» WORK ORDER: Required from the data below: the exact lines starting at the line containing "Die Besonderheit dieser" and ending at the line containing "Cast and chased", with both ends kept and all pictures dropped.

» SOURCE MATERIAL:
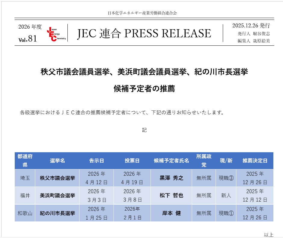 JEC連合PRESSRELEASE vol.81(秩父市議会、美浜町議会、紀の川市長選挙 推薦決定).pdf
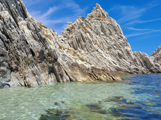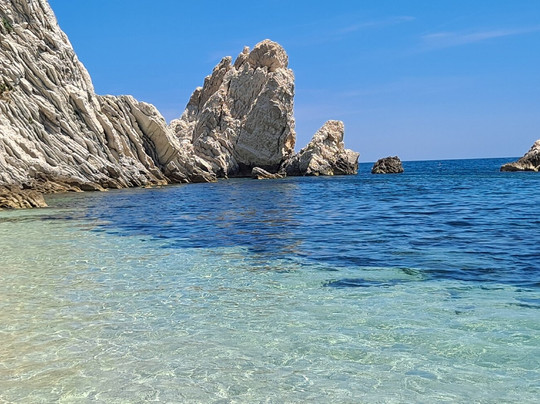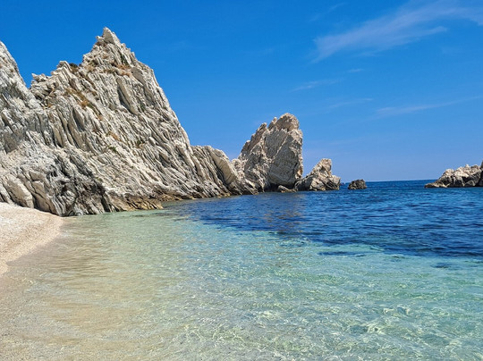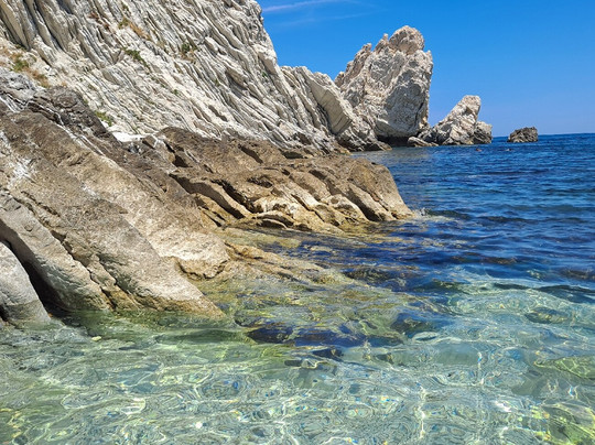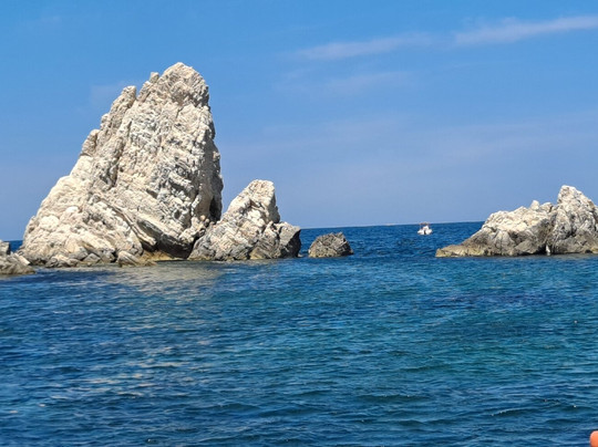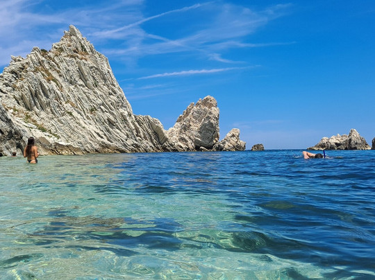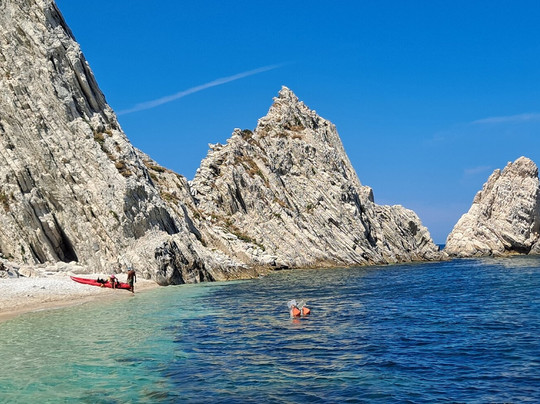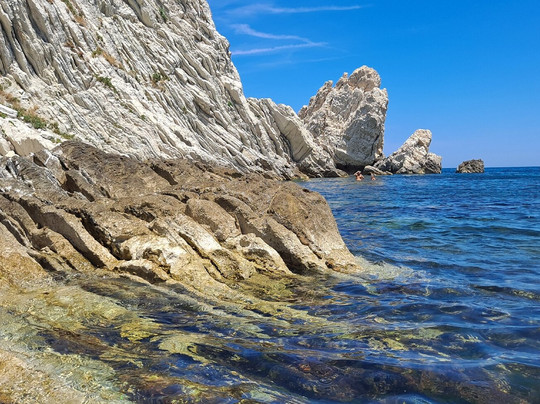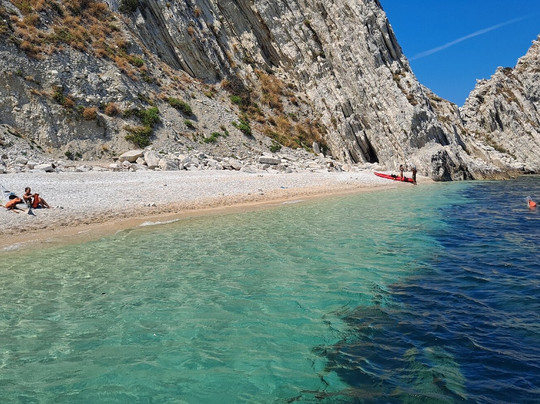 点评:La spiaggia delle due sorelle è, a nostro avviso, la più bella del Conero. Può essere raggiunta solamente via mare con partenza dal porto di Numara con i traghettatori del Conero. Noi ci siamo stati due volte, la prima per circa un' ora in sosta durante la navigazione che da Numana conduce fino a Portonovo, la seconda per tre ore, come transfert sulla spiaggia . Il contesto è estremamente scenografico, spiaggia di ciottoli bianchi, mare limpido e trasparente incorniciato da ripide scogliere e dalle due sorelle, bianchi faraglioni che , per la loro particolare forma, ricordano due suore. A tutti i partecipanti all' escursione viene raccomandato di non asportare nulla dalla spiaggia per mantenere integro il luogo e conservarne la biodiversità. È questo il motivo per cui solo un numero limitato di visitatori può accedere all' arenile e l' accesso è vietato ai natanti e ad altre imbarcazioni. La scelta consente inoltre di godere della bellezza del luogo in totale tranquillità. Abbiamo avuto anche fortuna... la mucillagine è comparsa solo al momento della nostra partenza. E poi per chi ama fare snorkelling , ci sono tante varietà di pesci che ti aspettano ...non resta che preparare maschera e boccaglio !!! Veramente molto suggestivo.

...

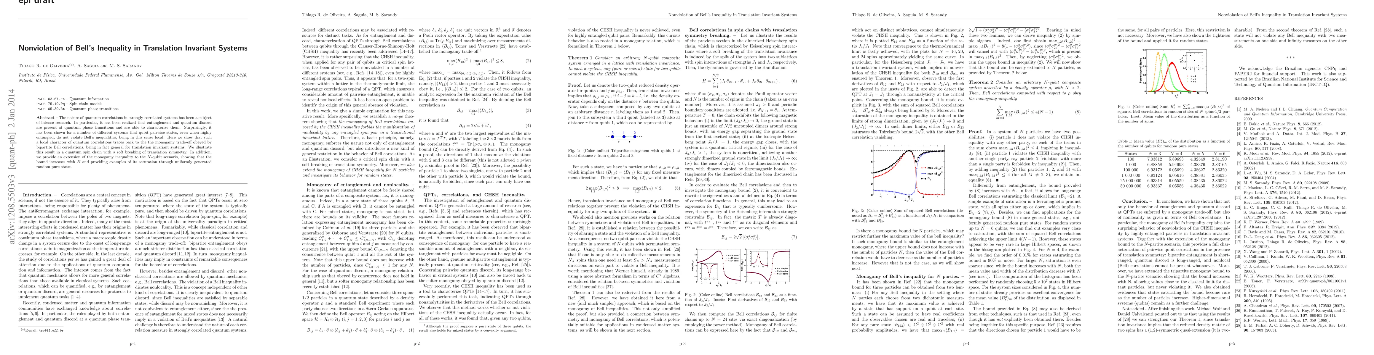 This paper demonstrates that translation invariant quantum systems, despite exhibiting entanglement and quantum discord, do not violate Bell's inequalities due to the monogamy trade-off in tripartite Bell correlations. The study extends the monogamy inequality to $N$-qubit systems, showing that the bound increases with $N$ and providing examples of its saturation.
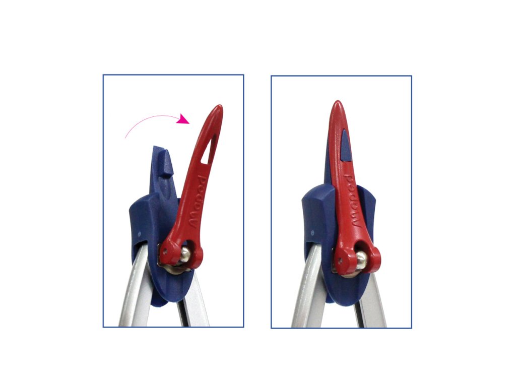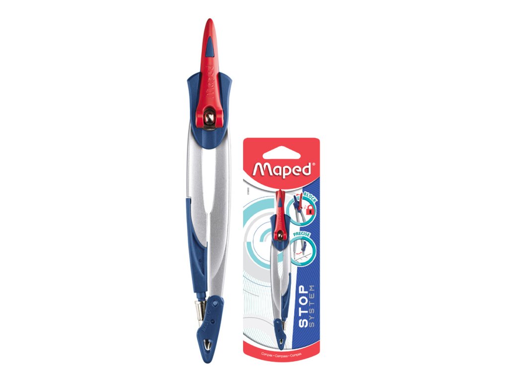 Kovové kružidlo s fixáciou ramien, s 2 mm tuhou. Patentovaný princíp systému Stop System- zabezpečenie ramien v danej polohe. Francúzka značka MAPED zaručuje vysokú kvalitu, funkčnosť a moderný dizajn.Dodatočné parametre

...

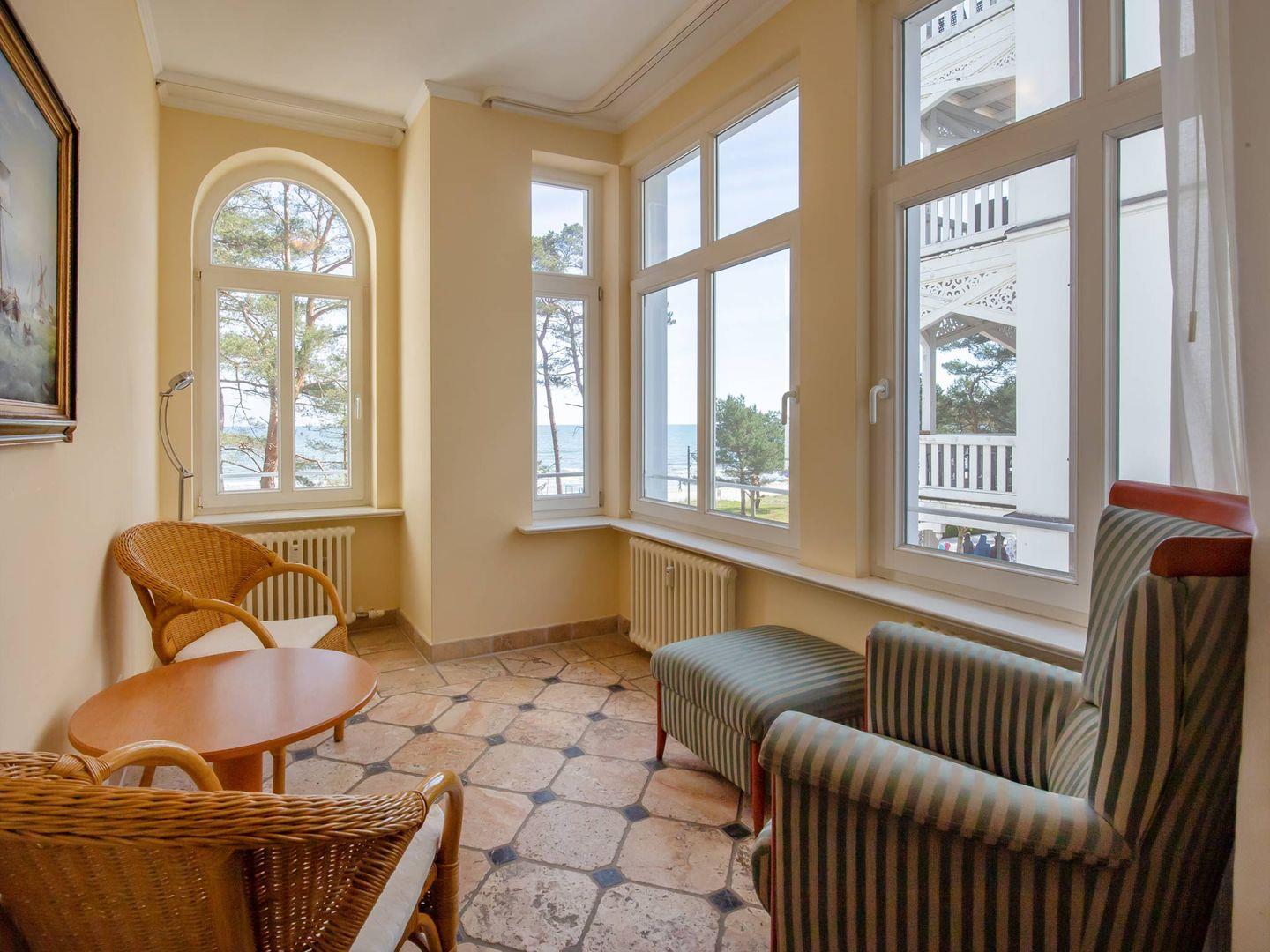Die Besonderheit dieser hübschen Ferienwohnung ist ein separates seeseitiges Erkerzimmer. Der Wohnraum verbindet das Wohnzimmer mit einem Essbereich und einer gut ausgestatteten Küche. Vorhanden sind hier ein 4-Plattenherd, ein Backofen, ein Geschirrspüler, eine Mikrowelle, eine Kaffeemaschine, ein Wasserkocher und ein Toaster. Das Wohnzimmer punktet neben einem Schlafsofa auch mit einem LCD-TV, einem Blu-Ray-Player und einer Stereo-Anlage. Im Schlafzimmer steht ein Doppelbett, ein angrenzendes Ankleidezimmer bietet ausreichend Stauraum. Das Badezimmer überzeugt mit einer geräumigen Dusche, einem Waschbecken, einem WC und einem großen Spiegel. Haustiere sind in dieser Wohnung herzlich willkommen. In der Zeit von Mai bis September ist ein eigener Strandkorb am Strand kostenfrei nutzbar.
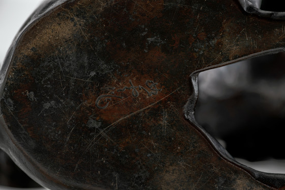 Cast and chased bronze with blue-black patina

» EXERCISE SOLUTION:
Die Besonderheit dieser hübschen Ferienwohnung ist ein separates seeseitiges Erkerzimmer. Der Wohnraum verbindet das Wohnzimmer mit einem Essbereich und einer gut ausgestatteten Küche. Vorhanden sind hier ein 4-Plattenherd, ein Backofen, ein Geschirrspüler, eine Mikrowelle, eine Kaffeemaschine, ein Wasserkocher und ein Toaster. Das Wohnzimmer punktet neben einem Schlafsofa auch mit einem LCD-TV, einem Blu-Ray-Player und einer Stereo-Anlage. Im Schlafzimmer steht ein Doppelbett, ein angrenzendes Ankleidezimmer bietet ausreichend Stauraum. Das Badezimmer überzeugt mit einer geräumigen Dusche, einem Waschbecken, einem WC und einem großen Spiegel. Haustiere sind in dieser Wohnung herzlich willkommen. In der Zeit von Mai bis September ist ein eigener Strandkorb am Strand kostenfrei nutzbar.
 Cast and chased bronze with blue-black patina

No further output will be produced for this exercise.